Task objective >> Please retype the records below exactly, leaving out any pictures.

[Records from a dataset]

━━━━━━━━━━━━━━━━━━━━━━━━━━━━━━

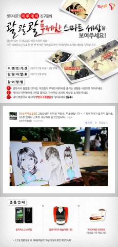 참가자 중 ▲1등 1명에게는 LG 옵티머스 2X ▲2등 1명에게는 일리 미타카 캡슐머신 ▲매일 2명을 추첨해 파리바게트 5천원 상품권을 증정(1,2등 경품 제세공과금 22%는 당첨자 부담)한다. 당첨자는 2월 9일 생각대로T 미투데이(me2day.net/t_suda)에서 발표된다.
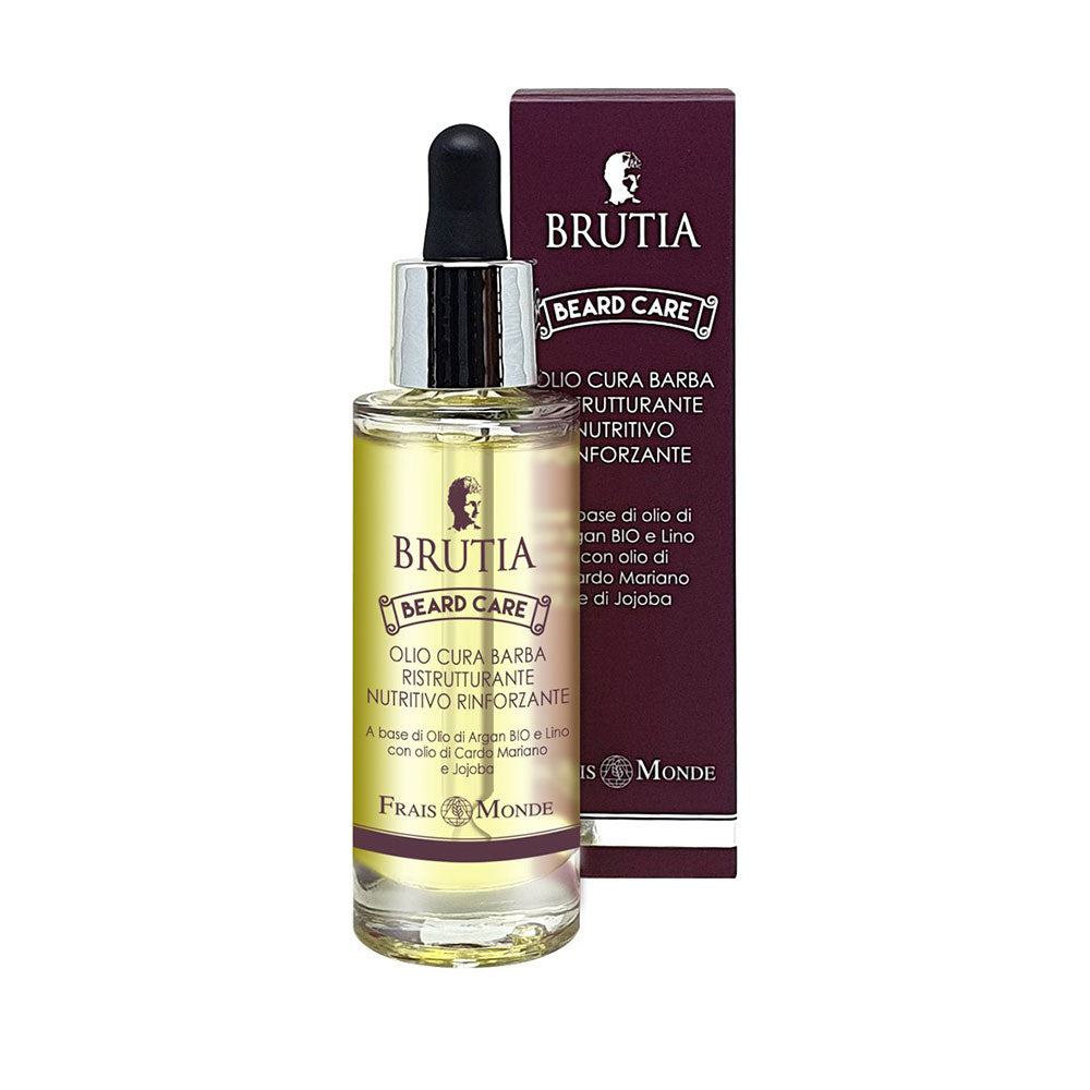 FORMULA INGREDIENTI ATTIVI 100%: OLIO DI ARGAN BIO, affetto anti crespo e districante, effetto illuminante rende la barba setosa e lucente. Idrata e rigenera. OLIO DI LINO, emolliente e riparatore, rende la barba morbida. Azione ristrutturante reidrata e normalizza la pelle. Previene la secchezza. OLIO DI CARDO MARIANO, setoso, poco grasso ed effetto levigante. OLIO DI JOJOBA, anti irritazione, protettivo e lenitivo. Contrasta la secchezza della pelle e della barba.
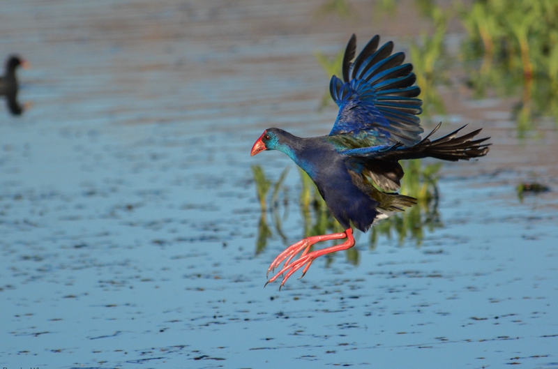 現身潼湖國家濕地公園的紫水雞。惠州日報記者邱舒婷 通訊員郭翔 攝
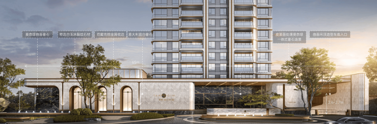 ▌材质之琢磨 » 甄选与玉相得益彰的伟大金石设计团队匠心甄选超15种珍贵石材匠造新川天珺,以莫奈绿曲面奢石、白玉冰裂纹石材、意大利蓝白奢石铺陈65米超长门廊,以珍宝级黄虎眼石、绿野仙踪大理石、巴西天然矿石等奢石镶嵌归家路途;所有金属铝板统一运用欧洲巴洛克艺术色彩"范戴克棕”,更以水纹铝板打造传奇冠顶,一眼即倾心。
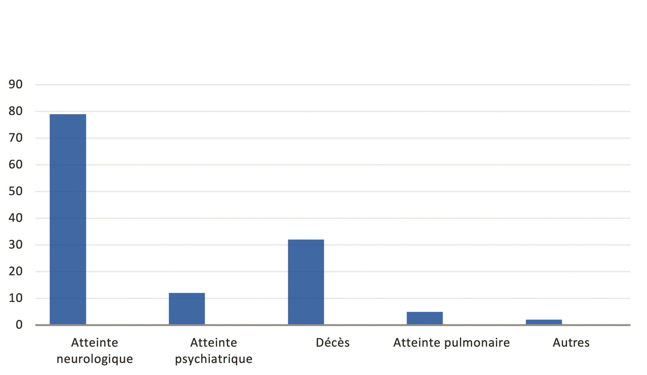 La littérature abonde en articles rapportant des troubles aigus et chroniques neurologiques et psychiatriques. Ces troubles sont liés à un déficit en vitamine B12 induit par le protoxyde d’azote.7-13 Les troubles pulmonaires, plus rares, sont liés à la toxicité du gaz. Certains patients ayant plusieurs atteintes en même temps (v. figure ).
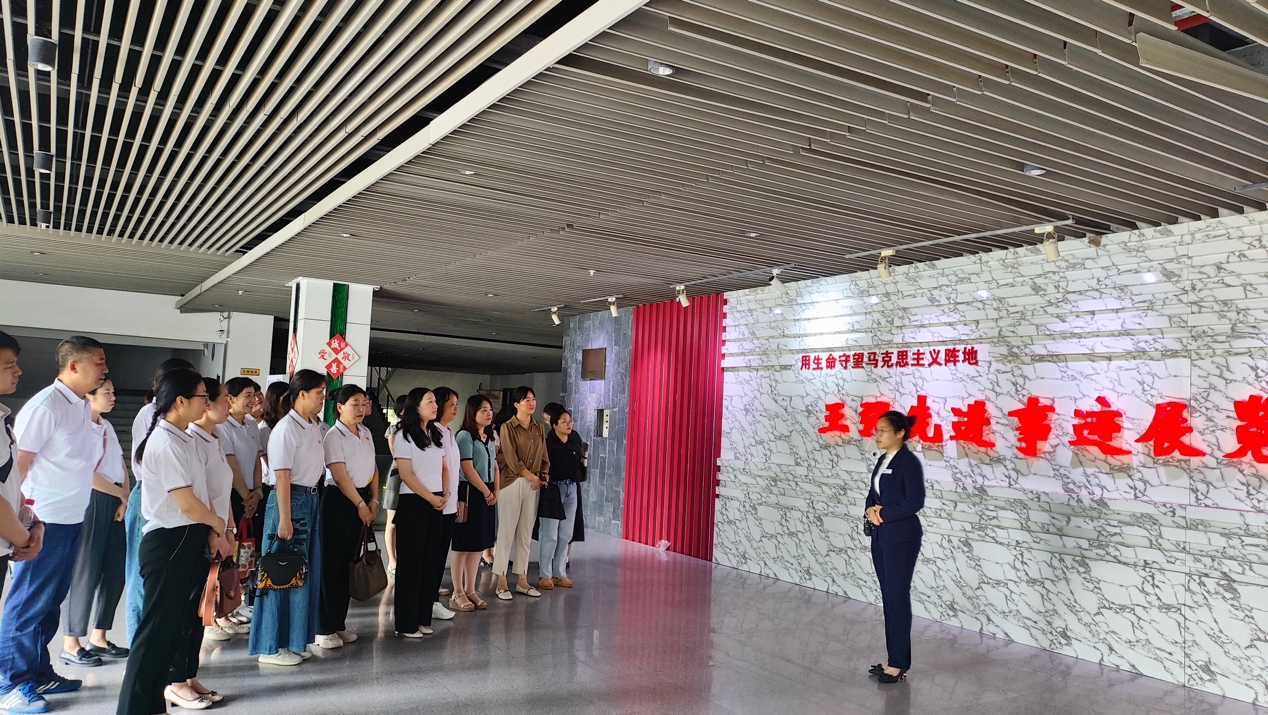 首先两个支部的党员教师集体参观了王强先进事迹展览室,老员工讲解员向大家生动讲述了王强老师的先进事迹以及在生命最后时刻仍然坚持理论研究的感人故事。两个支部的教师党员在实地参观中深刻学习并领悟了王强老师用生命守望马克思主义阵地,倾尽心血浇灌马克思主义信仰之花,忠于信仰、甘于奉献、勤于学习、勇于担当的精神。
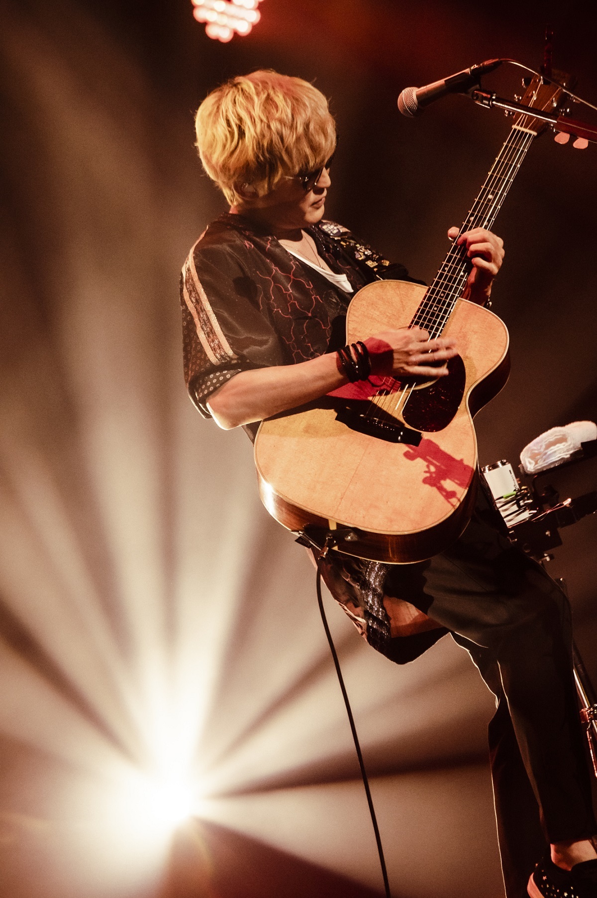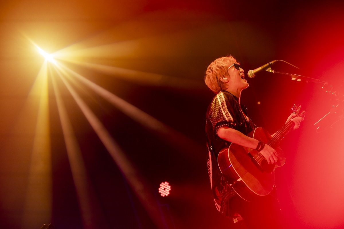 ウクレレに6本の弦を張った「ギタレレ」に持ち替えて歌った「サヨナラホームラン」は、自ら振り返るコロナ禍での生活と奇妙にシンクロする1曲。そこから「黄昏ギター」「Hop Step Dive」と続けた3曲は、ひとりの部屋でうつむいていた男が立ち上がりギターをつかみ、希望の未来へ歩き出すさまを描く、まるで3部作のように響く。アコギ1本だから歌がよく聴こえる、歌詞がよく聴こえる、メッセージが深く伝わる、それが『Hitori Sugar Tour』の醍醐味だ。
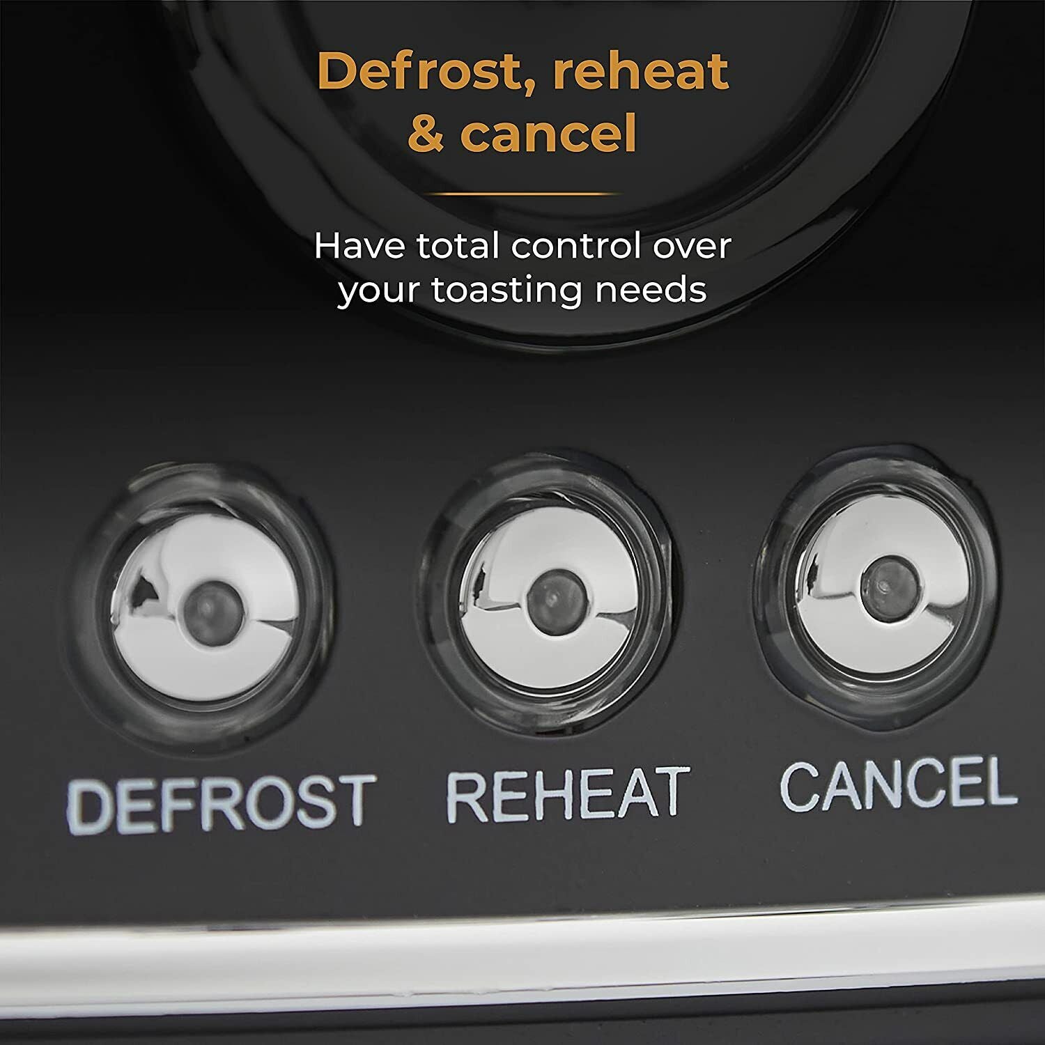 Enjoy toast to your taste every breakfast time with the Tower Renaissance 4 Slice Black Toaster. With its durable body and removable crumb trays, this is the ideal long-lasting kitchen essential that perfectly toasts bread, crumpets and bagels. Simply remove the trays and empty the contents straight into the bin to keep your kitchen tidy. Toast to your taste with the 7 browning levels that can be easily adjusted, alongside the defrost, heat and cancel functions to give you total control over your toasting needs. The stylish design of this toaster will make a statement on your kitchen countertop, adding a touch of elegance to your electrical appliances and fits perfectly with the Tower Renaissance Black Kettle.

━━━━━━━━━━━━━━━━━━━━━━━━━━━━━━

Exercise result >>
 참가자 중 ▲1등 1명에게는 LG 옵티머스 2X ▲2등 1명에게는 일리 미타카 캡슐머신 ▲매일 2명을 추첨해 파리바게트 5천원 상품권을 증정(1,2등 경품 제세공과금 22%는 당첨자 부담)한다. 당첨자는 2월 9일 생각대로T 미투데이(me2day.net/t_suda)에서 발표된다.
 FORMULA INGREDIENTI ATTIVI 100%: OLIO DI ARGAN BIO, affetto anti crespo e districante, effetto illuminante rende la barba setosa e lucente. Idrata e rigenera. OLIO DI LINO, emolliente e riparatore, rende la barba morbida. Azione ristrutturante reidrata e normalizza la pelle. Previene la secchezza. OLIO DI CARDO MARIANO, setoso, poco grasso ed effetto levigante. OLIO DI JOJOBA, anti irritazione, protettivo e lenitivo. Contrasta la secchezza della pelle e della barba.
 現身潼湖國家濕地公園的紫水雞。惠州日報記者邱舒婷 通訊員郭翔 攝
 ▌材质之琢磨 » 甄选与玉相得益彰的伟大金石设计团队匠心甄选超15种珍贵石材匠造新川天珺,以莫奈绿曲面奢石、白玉冰裂纹石材、意大利蓝白奢石铺陈65米超长门廊,以珍宝级黄虎眼石、绿野仙踪大理石、巴西天然矿石等奢石镶嵌归家路途;所有金属铝板统一运用欧洲巴洛克艺术色彩"范戴克棕”,更以水纹铝板打造传奇冠顶,一眼即倾心。
 La littérature abonde en articles rapportant des troubles aigus et chroniques neurologiques et psychiatriques. Ces troubles sont liés à un déficit en vitamine B12 induit par le protoxyde d’azote.7-13 Les troubles pulmonaires, plus rares, sont liés à la toxicité du gaz. Certains patients ayant plusieurs atteintes en même temps (v. figure ).
 首先两个支部的党员教师集体参观了王强先进事迹展览室,老员工讲解员向大家生动讲述了王强老师的先进事迹以及在生命最后时刻仍然坚持理论研究的感人故事。两个支部的教师党员在实地参观中深刻学习并领悟了王强老师用生命守望马克思主义阵地,倾尽心血浇灌马克思主义信仰之花,忠于信仰、甘于奉献、勤于学习、勇于担当的精神。
 ウクレレに6本の弦を張った「ギタレレ」に持ち替えて歌った「サヨナラホームラン」は、自ら振り返るコロナ禍での生活と奇妙にシンクロする1曲。そこから「黄昏ギター」「Hop Step Dive」と続けた3曲は、ひとりの部屋でうつむいていた男が立ち上がりギターをつかみ、希望の未来へ歩き出すさまを描く、まるで3部作のように響く。アコギ1本だから歌がよく聴こえる、歌詞がよく聴こえる、メッセージが深く伝わる、それが『Hitori Sugar Tour』の醍醐味だ。
 Enjoy toast to your taste every breakfast time with the Tower Renaissance 4 Slice Black Toaster. With its durable body and removable crumb trays, this is the ideal long-lasting kitchen essential that perfectly toasts bread, crumpets and bagels. Simply remove the trays and empty the contents straight into the bin to keep your kitchen tidy. Toast to your taste with the 7 browning levels that can be easily adjusted, alongside the defrost, heat and cancel functions to give you total control over your toasting needs. The stylish design of this toaster will make a statement on your kitchen countertop, adding a touch of elegance to your electrical appliances and fits perfectly with the Tower Renaissance Black Kettle.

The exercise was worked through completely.